■ WORK TASK: The records below are to be copied word for word, with every picture left out.

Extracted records

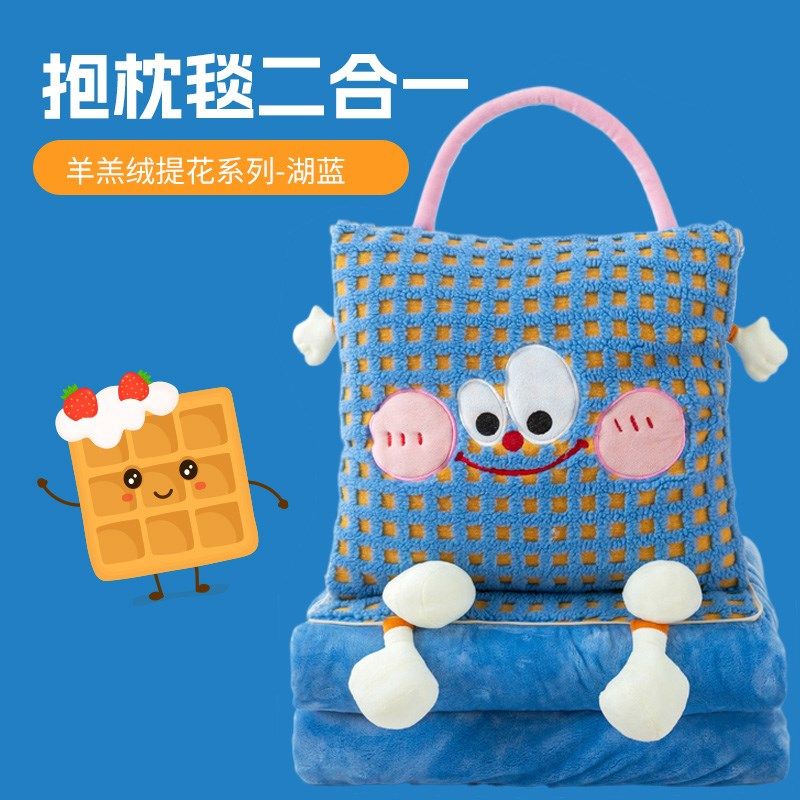 可爱卡通抱枕毯子两用二合一午睡被毛毯车载靠垫办公室午休空调毯
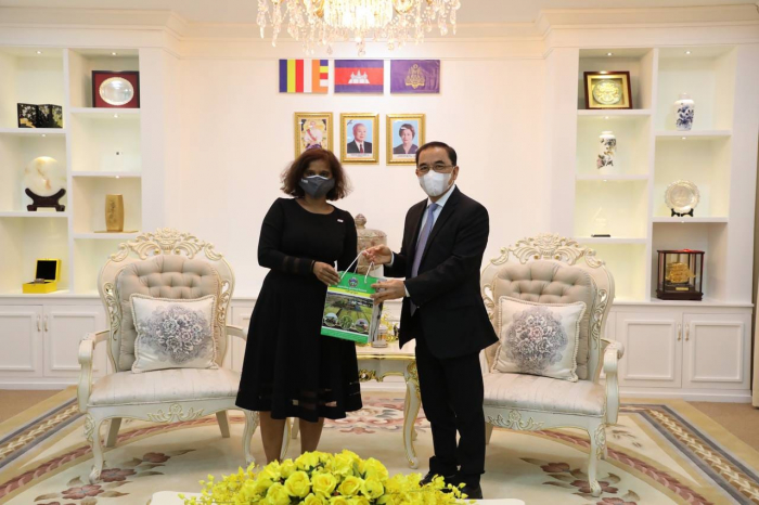 ក្នុងនាមរាជរដ្ឋាភិបាលកម្ពុជា ក្រសួង និងខ្លួនលោកផ្ទាល់ ឯកឧត្តមរដ្ឋមន្ត្រីតាមរយ:លោកស្រី បានថ្លែងអំណរគុណជូនចំពោះរដ្ឋាភិបាល និងប្រជាជនសហរដ្ឋអាមេរិក តាមរយ:ទីភ្នាក់ងារ USAID ដែលបានជួយអភិវឌ្ឍកម្ពុជារហូតមកទល់បច្ចុប្បន្ន ក្នុងនោះក៏មានវិស័យកសិកម្មផងដែរ។ ឯកឧត្តមរដ្ឋមន្ត្រីបានជម្រាបជូនលោកស្រីថារាល់គម្រោង ឬកម្មវិធីជំនួយឧបត្ថម្ភរបស់ទីភ្នាក់ងារ USAID បាននឹងកំពុងចូលរួមចំណែកយ៉ាងសំខាន់ក្នុងការអភិវឌ្ឍវិស័យកសិកម្មកម្ពុជាឲ្យមានការរីកចម្រើន ធានាបាននូវសន្តិសុខស្បៀង បង្កើនប្រាក់ចំណូល កែប្រែកម្រិតជីវភាព និងបង្កើនបរិមាណផលិតប្រកបដោយនិរន្តរភាព តាមរយ:ការអនុវត្តបច្ចេកវិទ្យាសមស្រប ទំនើបទាន់ សម័យ ធននឹងការប្រែប្រួលអាកាសធាតុ បរិយាប័ន្ន និងនវានុវត្តន៍ សំដៅឈានទៅសម្រេចឲ្យបាននូវចក្ខុវិស័យរបស់រាជរដ្ឋាភិបាល នាឆ្នាំ២០៣០ និង ២០៥០ និងជាពិសេសឈានជាជំហានៗ ឆ្ពោះទៅជាប្រទេសនាំចេញកសិផលទៅកាន់ទីផ្សារអន្តរជាតិ។
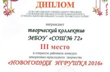 Поздравляем наших талантливых ребят, занявших 3 место в открытом районом конкурсе декоративно-прикладного творчества «Новогодняя игрушка – 2016», целью которого являлось развитие потенциала творчески одарённых детей, повышение культурного уровня подрастающего поколения и формирование эстетических взглядов детей.
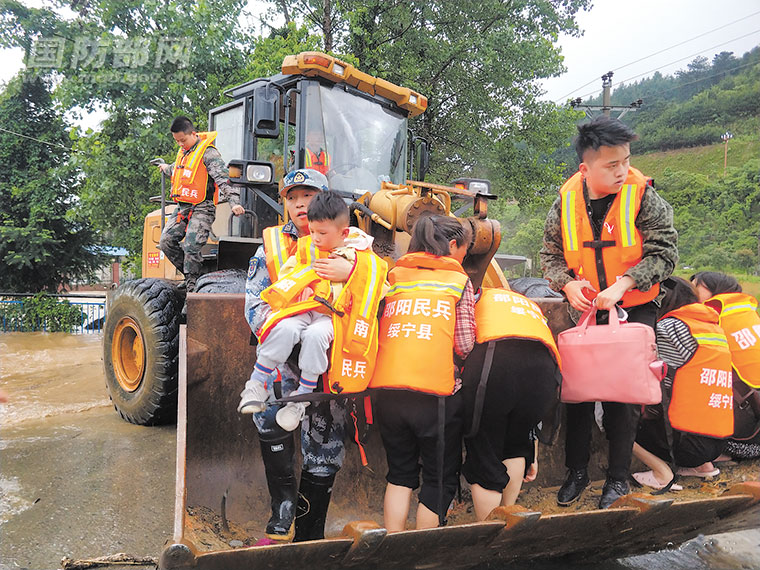 五月十日以来,湖南省绥宁县遭受暴雨袭击,七个乡镇沿河道路、房屋被洪水淹没。十一日,该县长铺子乡枫香学校七名教师、五名学生被困校内,县人武部接到县防汛指挥部救援通知后,立即组织民兵应急分队前往救援。
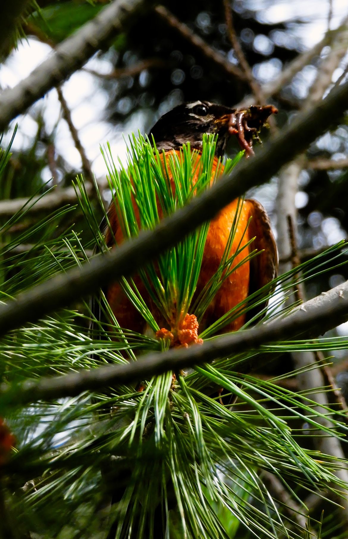 Robin perched in the Vanderwolf pine with a beak full of worms.

■ ANSWER:
 可爱卡通抱枕毯子两用二合一午睡被毛毯车载靠垫办公室午休空调毯
 ក្នុងនាមរាជរដ្ឋាភិបាលកម្ពុជា ក្រសួង និងខ្លួនលោកផ្ទាល់ ឯកឧត្តមរដ្ឋមន្ត្រីតាមរយ:លោកស្រី បានថ្លែងអំណរគុណជូនចំពោះរដ្ឋាភិបាល និងប្រជាជនសហរដ្ឋអាមេរិក តាមរយ:ទីភ្នាក់ងារ USAID ដែលបានជួយអភិវឌ្ឍកម្ពុជារហូតមកទល់បច្ចុប្បន្ន ក្នុងនោះក៏មានវិស័យកសិកម្មផងដែរ។ ឯកឧត្តមរដ្ឋមន្ត្រីបានជម្រាបជូនលោកស្រីថារាល់គម្រោង ឬកម្មវិធីជំនួយឧបត្ថម្ភរបស់ទីភ្នាក់ងារ USAID បាននឹងកំពុងចូលរួមចំណែកយ៉ាងសំខាន់ក្នុងការអភិវឌ្ឍវិស័យកសិកម្មកម្ពុជាឲ្យមានការរីកចម្រើន ធានាបាននូវសន្តិសុខស្បៀង បង្កើនប្រាក់ចំណូល កែប្រែកម្រិតជីវភាព និងបង្កើនបរិមាណផលិតប្រកបដោយនិរន្តរភាព តាមរយ:ការអនុវត្តបច្ចេកវិទ្យាសមស្រប ទំនើបទាន់ សម័យ ធននឹងការប្រែប្រួលអាកាសធាតុ បរិយាប័ន្ន និងនវានុវត្តន៍ សំដៅឈានទៅសម្រេចឲ្យបាននូវចក្ខុវិស័យរបស់រាជរដ្ឋាភិបាល នាឆ្នាំ២០៣០ និង ២០៥០ និងជាពិសេសឈានជាជំហានៗ ឆ្ពោះទៅជាប្រទេសនាំចេញកសិផលទៅកាន់ទីផ្សារអន្តរជាតិ។
 Поздравляем наших талантливых ребят, занявших 3 место в открытом районом конкурсе декоративно-прикладного творчества «Новогодняя игрушка – 2016», целью которого являлось развитие потенциала творчески одарённых детей, повышение культурного уровня подрастающего поколения и формирование эстетических взглядов детей.
 五月十日以来,湖南省绥宁县遭受暴雨袭击,七个乡镇沿河道路、房屋被洪水淹没。十一日,该县长铺子乡枫香学校七名教师、五名学生被困校内,县人武部接到县防汛指挥部救援通知后,立即组织民兵应急分队前往救援。
 Robin perched in the Vanderwolf pine with a beak full of worms.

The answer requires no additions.